Applicant’s arguments with respect to the rejection to the claims of 35 U.S.C. 103 have been considered but are moot because the arguments do not apply to the current combination of references being used in the current rejection. In light of Applicants amendments and arguments the Examiner updated the search and provided new art to reject the claim limitations.
Claim Rejections - 35 USC § 101
35 U.S.C. 101 reads as follows:
Whoever invents or discovers any new and useful process, machine, manufacture, or composition of matter, or any new and useful improvement thereof, may obtain a patent therefor, subject to the conditions and requirements of this title.
Claims 1-20 are rejected under 35 U.S.C. 101 because the claimed invention is directed to non-patentable subject matter. The claims are directed to an abstract idea without significantly more.
Claims 1-20 are rejected under 35 U.S.C. 101 because the claimed invention is directed to an abstract idea without significantly more. The judicial exception is not integrated into a practical application. The claims do not include additional elements that are sufficient to amount to significantly more than the judicial exception.
With respect to Step 1 of the eligibility inquiry (as explained in MPEP 2106), it is first noted that the method (claims 1-7), computer program product (claims 8-14), and system (claims 15-20) are directed to potentially eligible categories of subject matter (i.e., process, machine, and article of manufacture respectively). Thus, Step 1 is satisfied.
With respect to Step 2, and in particular Step 2A Prong One, it is next noted that the claims recite an abstract idea by reciting mathematical relationships, mathematical formulas or equations, mathematical calculations which falls into the “Mathematical concepts” group within the enumerated groupings of abstract ideas set forth in the 2019 PEG. The mere nominal recitation of a generic computer does not take the claim limitation out of methods of organizing human activity or the mathematical concepts. Thus, the claim recites mathematical concepts for performing certain methods of organizing human activity.

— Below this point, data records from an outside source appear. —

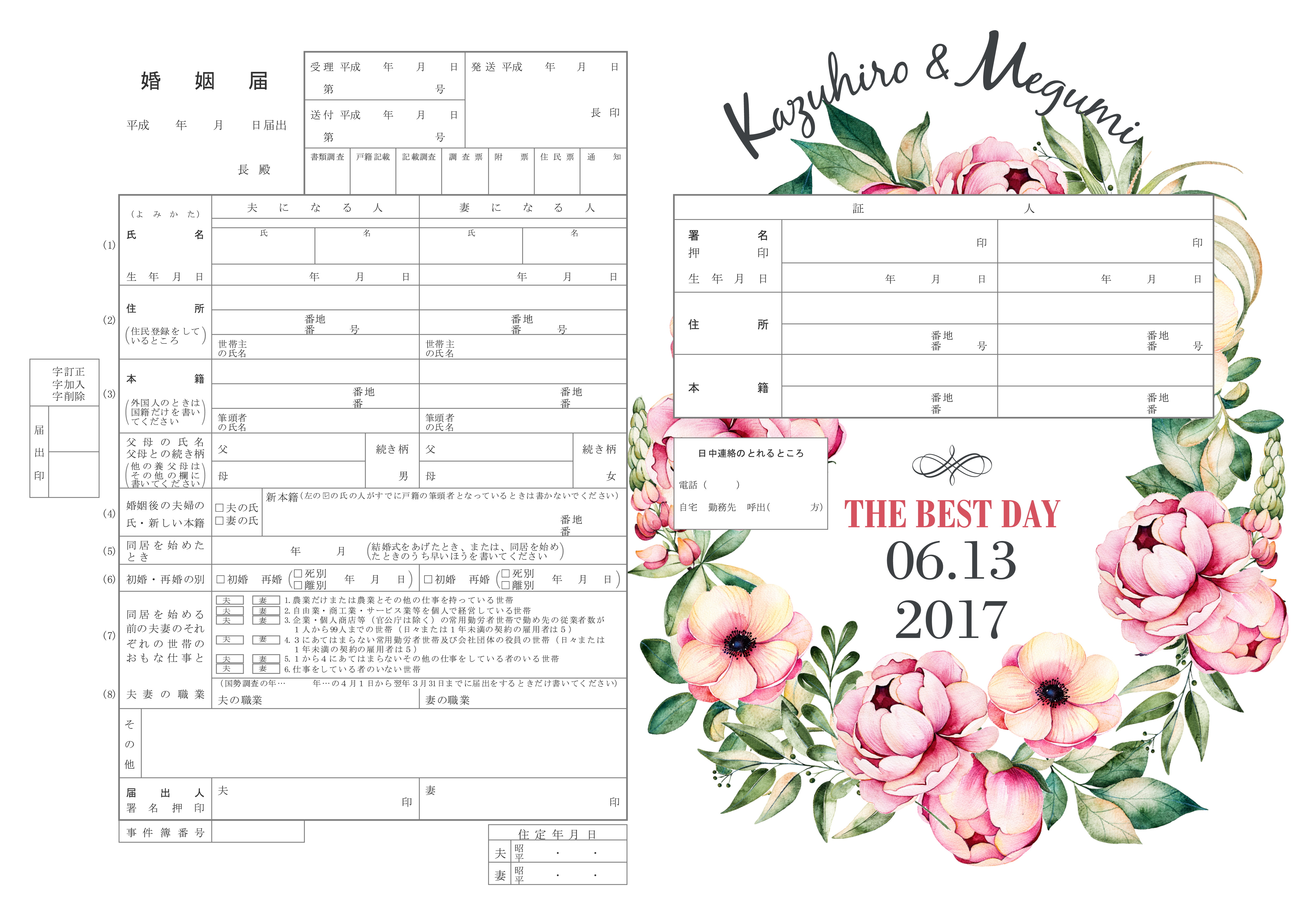 Marriage Registration Design No.02_2 おしゃれで可愛いデザインの婚姻届。 背景にピンクのラナンキュラスや様々なグリーンを使ったリースの絵をたっぷりアレンジしたかわいらしいデザイン。 二 […]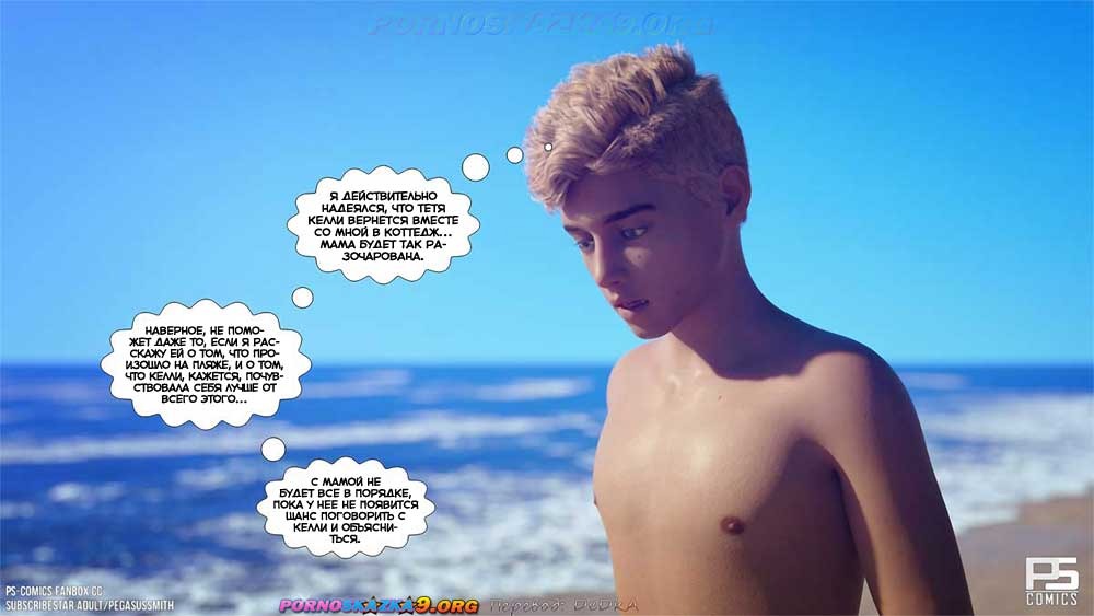 Порно комикс Нагишом. Нудистский курорт. Часть 18. Дилан по-прежнему пытается свести вместе совою мать и тетушку Келли, чтобы они, наконец, смогли поговорить и объясниться, но у него пока ничего не получается. Между тем, одна из симпатичных островитянок предлагает ему помощь в этом деле…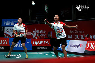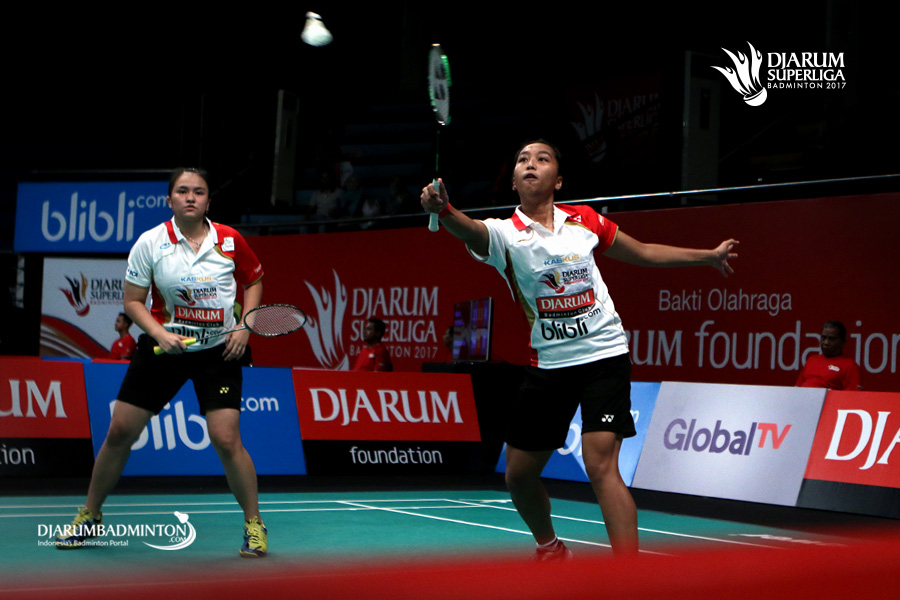 Melati Daeva/Rosyita Eka Putri (PB Djarum) bersiap menghadang serangan.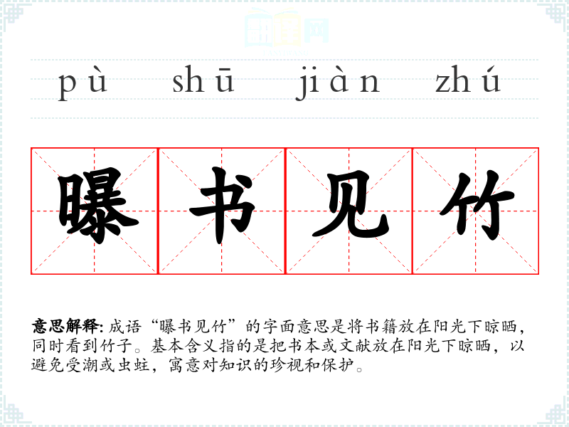 成语“曝书见竹”的字面意思是将书籍放在阳光下晾晒,同时看到竹子。基本含义指的是把书本或文献放在阳光下晾晒,以避免受潮或虫蛀,寓意对知识的珍视和保护。
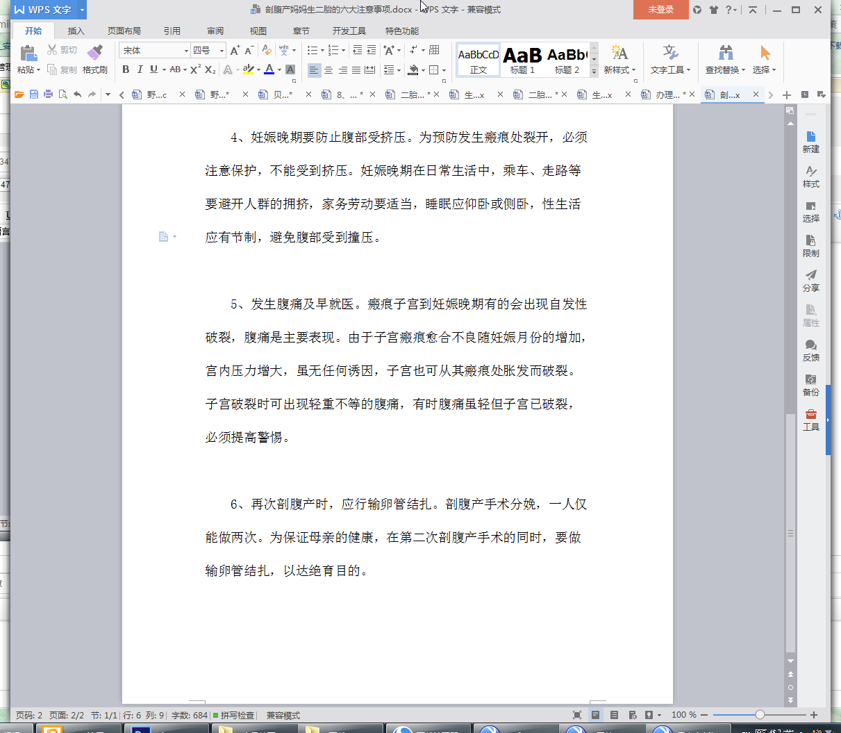 剖腹产妈妈生二胎的六大注意事项内容介绍
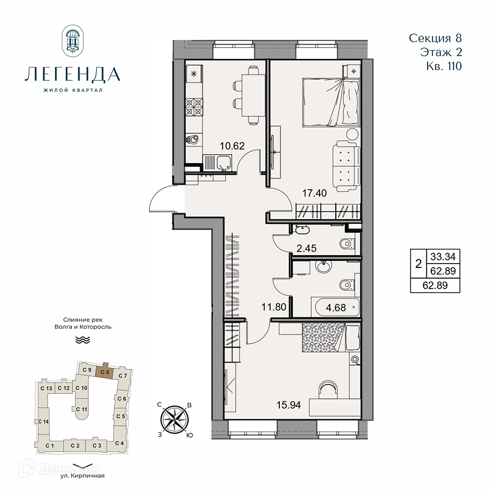 - ✅ Кухня: 10.62 м² — место для кулинарных шедевров.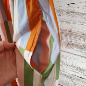 St. John's Bay women's short sleeve maxi dress. It features a colorful striped and block print pattern, a smocked bodice, and ruffled cap sleeves.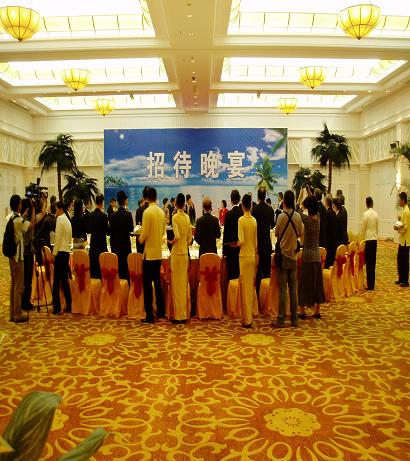 学生在博鳌亚洲论坛招待晚宴上为VIP客人服务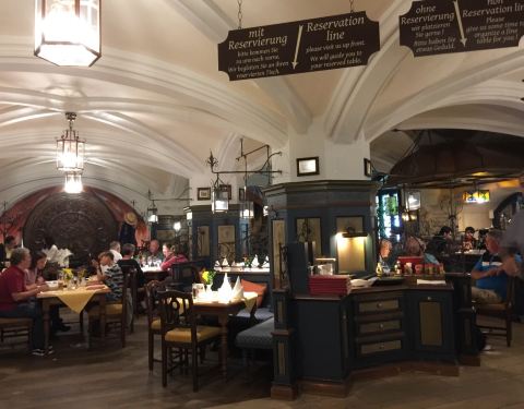 原本是想去大名鼎鼎的宫廷啤酒屋的,然而在推荐之下还是选了玛利亚广场地下的这家RATSKELLER。就是玛利亚广场上,不仔细留意可能看不到这有个门。RATSKELLER,这家地下餐馆规模非常大,据说可容纳上千人同时就餐。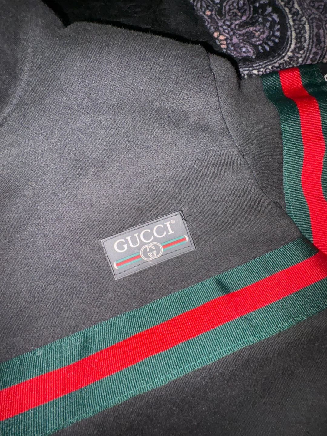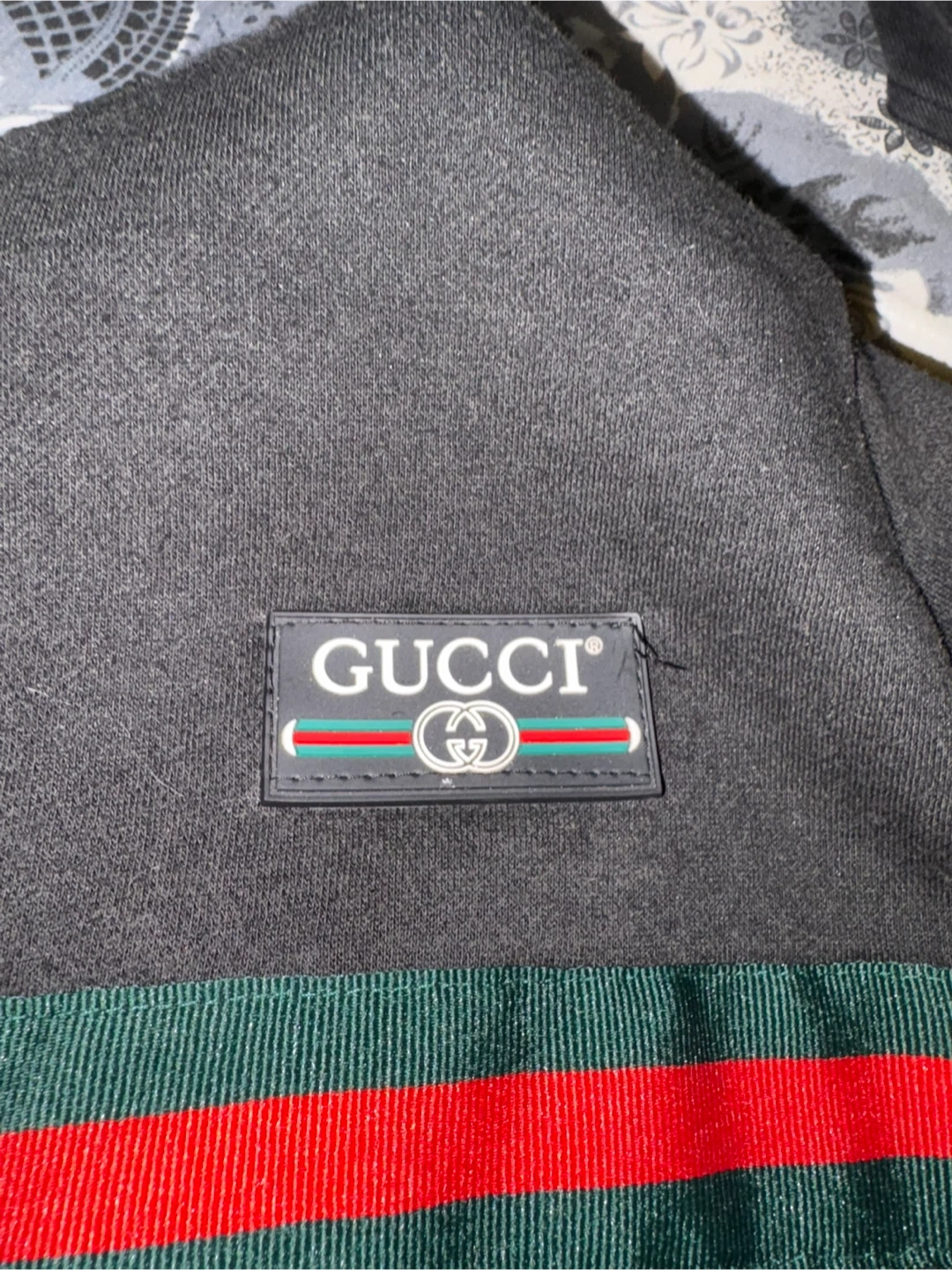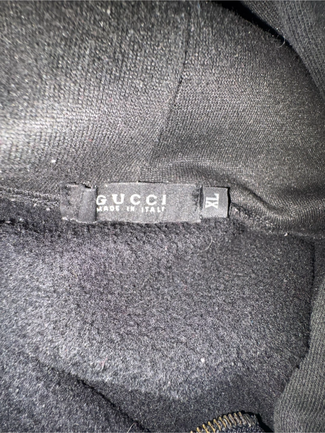 Selling a Gucci black zip-up hoodie in size XL. It has the signature Gucci pattern on the sleeves and pocket, with red and green stripes. Made in Italy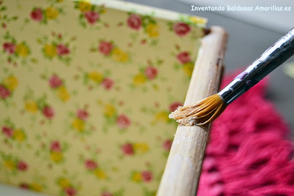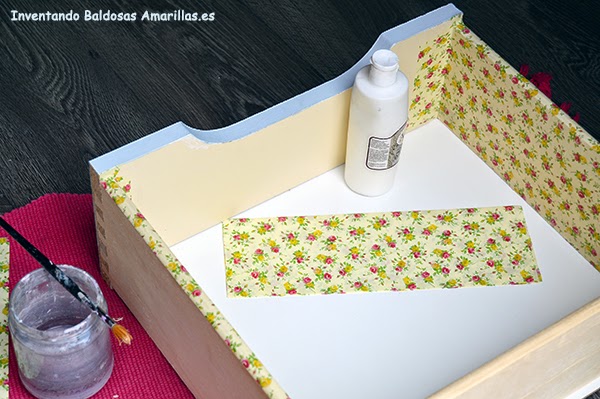 Para forrar nuestro cajón de madera con papel vamos a empezar desde el canto. Por eso cuando pongamos el pegamento, lo primero es aplicarlo en esa zona.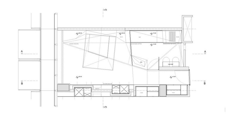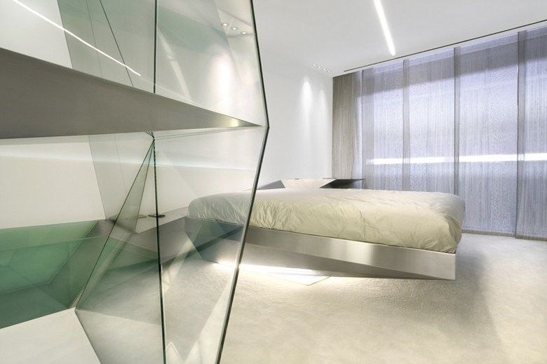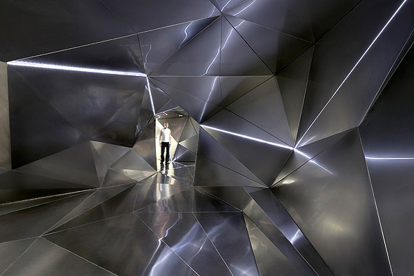 THE ROOMS-The rooms have been designed as a zone that links the artificial intensity of the trembling stainless steel tunnel with the exterior behind the plate glass window. Reverberations of the corridor in colour, material and geometry are employed not to destabilize, but to organize, to define the usual functions and to accommodate comfort and wellbeing. The room’s entrance area is shaped as a funnel towards the view through the window. Many visual relationships are projected onto the subtle geometry of the ceiling folds.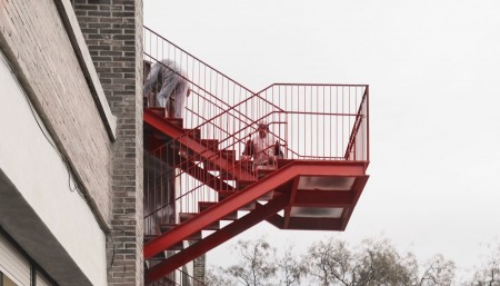 A nivel constructivo la estructura del elemento es íntegramente metálica y autoportante. El núcleo resistente es el ascensor que se ancla al suelo mediante una cimentación de hormigón armado. Los tramos de escalera se suspenden de dicha pieza y vuelan de forma ligera sobre el patio, evitando interferir en él, creando unas terrazas que miran a la huerta Navarra.

A claim that recites a mathematical calculation, when the claim is given its broadest reasonable interpretation in light of the specification, will be considered as falling within the "mathematical concepts" grouping. A mathematical calculation is a mathematical operation (such as multiplication) or an act of calculating using mathematical methods to determine a variable or number, e.g., performing an arithmetic operation such as exponentiation. There is no particular word or set of words that indicates a claim recites a mathematical calculation. That is, a claim does not have to recite the word "calculating" in order to be considered a mathematical calculation. For example, a step of "determining" a variable or number using mathematical methods or "performing" a mathematical operation may also be considered mathematical calculations when the broadest reasonable interpretation of the claim in light of the specification encompasses a mathematical calculation.
The limitations reciting the abstract idea(s) (mathematical concepts), as set forth in exemplary claim 1, are: receiving a request to determine a number of agents working at a future time;Independent claims 8 and 14 recite the CRM and system for performing the method of independent claim 1 without adding significantly more. Thus, the same rationale/analysis is applied.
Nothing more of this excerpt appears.